Friday Letters are a chance for students to reflect on everything they did that week and share it with their parents.  I start off with the shortest version of the letter early in the year, and we work up to the long version.  Some students become so proficient, they write their letters without the form.

Friday Letter Template – Short

Friday Letter Template – Medium

Friday Letter Template – Long

Friday Letter Template – Pictures (This might be good for younger students; I only use it with third graders when we’ve had a particularly tiring day, such as the day before a vacation.)

No matter what template students use, I expect them to elaborate and use “true, exact details” to describe their week.

This is a quiet, reflective time in our room, and to help my third graders generate ideas (what did we do yesterday?), I hook up my laptop to an LCD projector and use my lesson plans to make a quick list of lessons and activities in Excel, organized by subject.

One of the best parts of this routine is that it helps all students identify reasons to be proud of their effort.  We want students to understand that effective effort + time = success, and this routine encourages that connection.

It also makes parents really happy.  I hear from many parents that the Friday Letters make them feel included in the classroom community and help them understand — and talk to their kids about — what’s going on at school.

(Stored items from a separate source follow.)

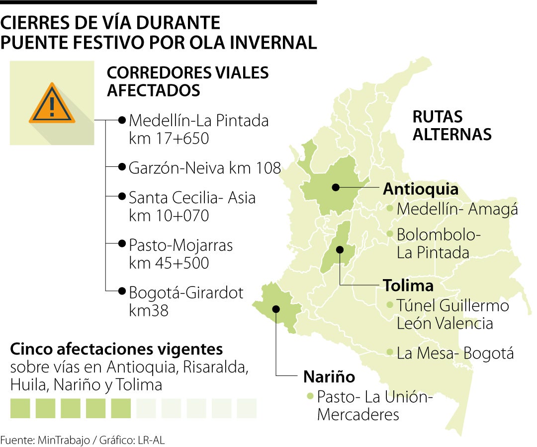 El ministro de Transporte, Guillermo Reyes, dio a conocer que en total en esta puente festivo 5 corredores viales han presentado inconvenientes en su movilidad, principalmente por deslizamientos de tierra. Además de la vía Bogotá-Girardot, han tenido afectaciones los corredores de Medellín- La Pintada, Garzón-Neiva, Santa Cecilia- Asia y Pasto-Mojarras.
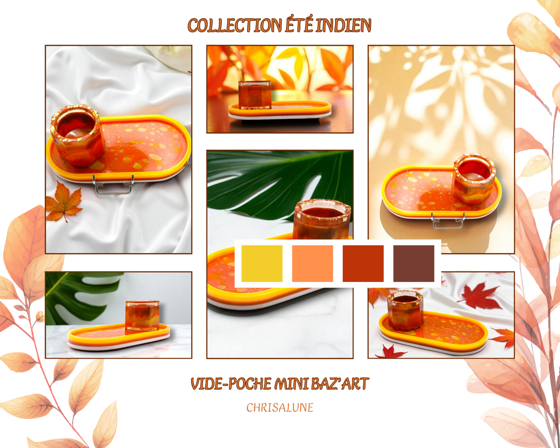 Plongez dans l’univers envoûtant de la collection Été Indien, où les nuances orangées et cuivrées s’entrelacent aux bruns profonds et aux éclats dorés, donnant naissance à un vide-poche aussi pratique qu’élégant, délicatement lumineux.
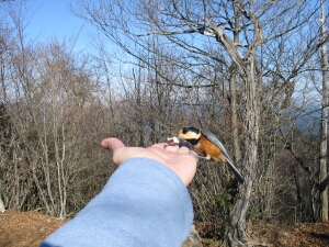 嫁の手のひらにもヤマガラがやってきた。今回はこの餌やりが一番楽しかった。
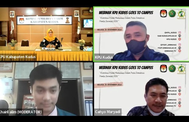 Kudus- Di penghujung tahun ini, Komisi Pemilihan Umum (KPU) Kabupaten Kudus kembali menyelenggarakan Webinar KPU Goes To Campus, Selasa (21/12). Bekerja sama dengan mahasiswa magang dari Fakultas Ilmu Sosial dan Ilmu Politik Universitas Wahid Hasyim Semarang, webinar kali ini mengangkat tema “Kontribusi Politik Mahasiswa Dalam Pesta Demokrasi Pemilu Serentak 2024.”
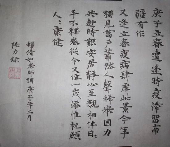 (二)词作及书法作品《庚子立春遭逢时疫滞留南疆有作》
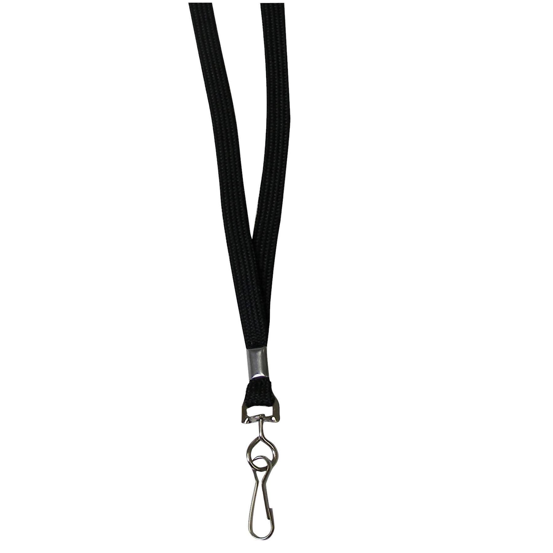 This classic style features round woven, nylon material, which proves to be comfortable when worn around the neck. The metal hook securely attaches the ID badge to the lanyard, allowing the badge to be displayed. Durable lanyards allow for the prominent display of badges and ID cards without damaging clothing. Round woven, nylon material with swivel hook attachment.Features
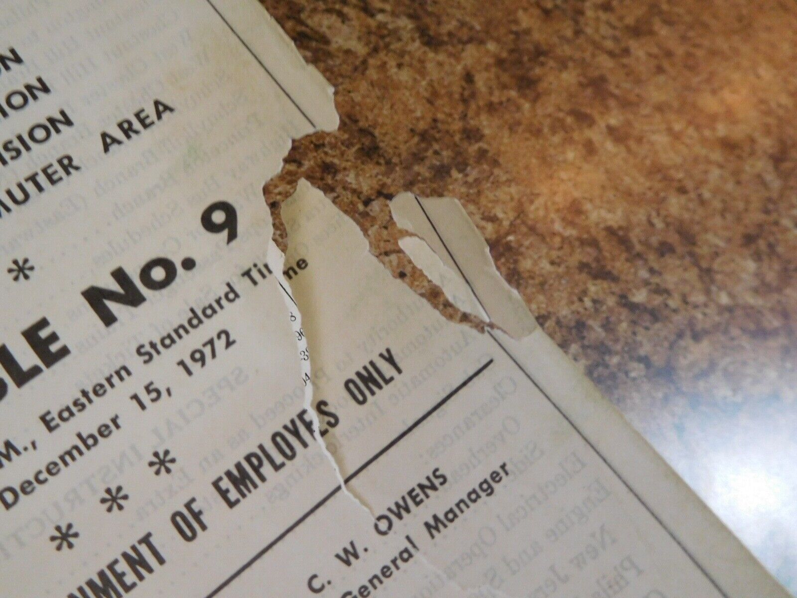Includes New Jersey Division, Chesapeake, Harrisburg divisions and Philadelphia Commuter area.    Effective December 15 1972.  Approx 430pages.  Includes schedules, special instructions,  more.
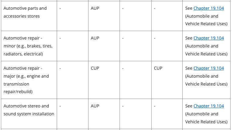 Another example above shows verbose language in automotive repairs, which distinguishes between brake installations, stereo installations, and car accessory sales even though they all require the same level of permit- AUP. City staff is suggesting language simplification, such as categorizing all of these under a “General Automotive” category instead, while engine repairs, which require a more comprehensive CUP, will remain as is.
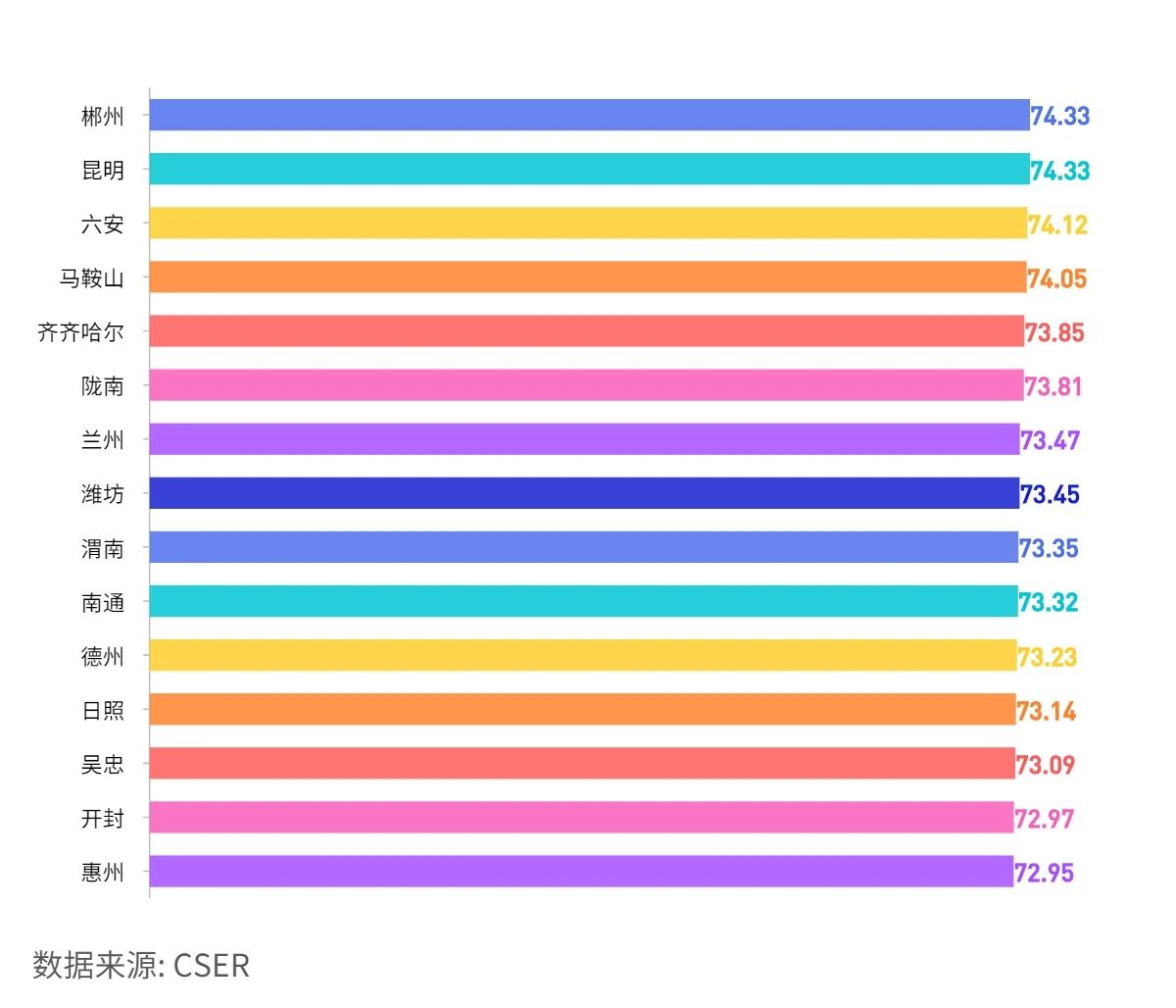 相比較上一季度,昆明、六安、馬鞍山、齊齊哈爾排名均有上升,南通、隴南排名下降。郴州、蘭州、濰坊、渭南、德州、日照、吳忠、開封、惠州躋身TOP15,鄭州、晉城、長治、防城港、濮陽、滁州、鎮(zhèn)江、保定則跌出TOP15。
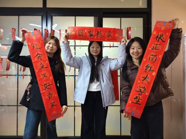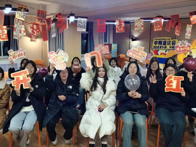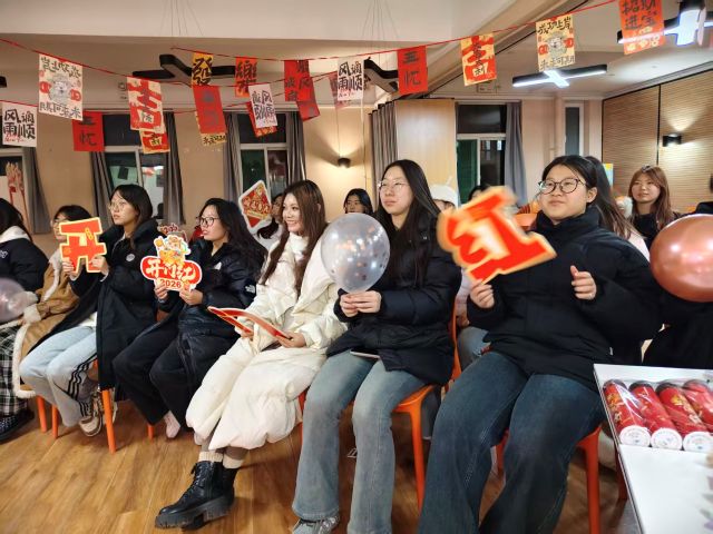活动尾声,全体同学自发围成一圈,齐声唱响《春风十里报新年》熟悉的旋律在晚风中回荡,有人跟着节奏轻轻摇摆,有人举起手机记录这欢乐时刻。大家捧着春联、礼品与饮品,在联欢主题背景板前定格合影,一张张笑脸上洋溢着满足与喜悦。活动渐渐落下帷幕,不少同学仍犹未尽。
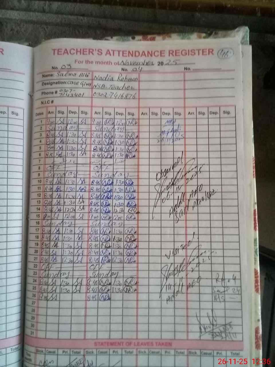 | CNIC | Full Name | Designation | R/C | Absence During Last Calender Month |
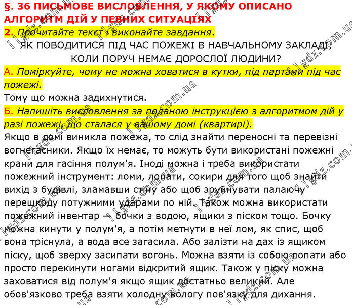 Прочитайте текст і виконайте завдання. ЯК ПОВОДИТИСЯ ПІД ЧАС ПОЖЕЖІ В НАВЧАЛЬНОМУ ЗАКЛАДІ, КОЛИ ПОРУЧ НЕМАЄ ДОРОСЛОЇ ЛЮДИНИ? А. Поміркуйте, чому не можна ховатися в кутки, під партами під час пожежі. Тому що можна задихнутися. Б. Напишіть висловлення за поданою інструкцією з алгоритмом дій у разі пожежі, що сталася у вашому домі (квартирі). Якщо в домі виникла пожежа, то слід знайти переносні та перевізні вогнегасники. Якщо їх немає, то можуть бути використані пожежні крани для гасіння полум'я. Іноді можна і треба використати пожежний інструмент: ломи, лопати, сокири для того щоб знайти вихід з будівлі, зламавши стіну або щоб зруйнувати палаючу перешкоду потужними ударами по ній. Також можна використати пожежний інвентар — бочки з водою, ящики з піском тощо. Бочку можна кинути у полум'я, а потім метнути в неї лом, як спис, щоб вона тріснула, а вода все загасила. Або залізти на дах із ящиком піску, щоб зверху засипати вогонь. Можна взяти із собою лопати або просто перекинути ногами відкритий ящик. Також у піску можна заховатися від полум'я якщо ящик достатньо великий. Але обов'язково треба взяти холодну вологу пов'язку для дихання.

The Friday Letters always get put in the “Bring Back to School” side of the Friday Folder.  They are collected in the Monday Binders until the end of the year, when students re-read them in preparation for writing their portfolio narratives.  Students are delighted to reread about all of their adventures, and they are amazed by how far they have come from September to June.

And the time you’ll save not hunting for work in piles?  That’s amazing, too.

— a. fox

2 thoughts on “The Paper Problem: Solved

  1. Abbie, my daughter (now in first grade) fills out a short daily sentence about something she learned at school that day which goes back and forth throughout the week, but has no reflective componant. I’m very interested in looking at this practice for the younger crowd in a way that includes that reflective piece that you incorporate as it takes SO LONG for children to develop skill in thinking about themselves and their learning this way. I wonder whether to start with a smaller reflective piece that gradually grows throughout the year…hmmm…

    • I love the idea of doing a little bit every day with younger kids. Even third graders’ memories are pretty short, and by Friday, they really have to work hard to think back through the whole week (which is why putting lesson plans on the LCD is so helpful). Could your first graders do some of the easier reflecting, like identifying something that was hard for them and something that was fun? That would be a good foundation for the harder work of identifying when they felt proud of their effort.

      Maybe also we (I include myself here) could draw kids’ attention to moments for reflection throughout the day. Every once in a while (not with any kind of consistency, unfortunately), I’ll say to the class or to one kid, “This was really challenging. How do you feel now that you’ve done it? What made you successful?” It can be a summarizing activity at the end of a lesson. Then we could even add, “Later, when you’re writing your Friday letter, I want you to remember this moment. You should feel proud of the work you did today.”

      Hmm… let me know what you decide to do!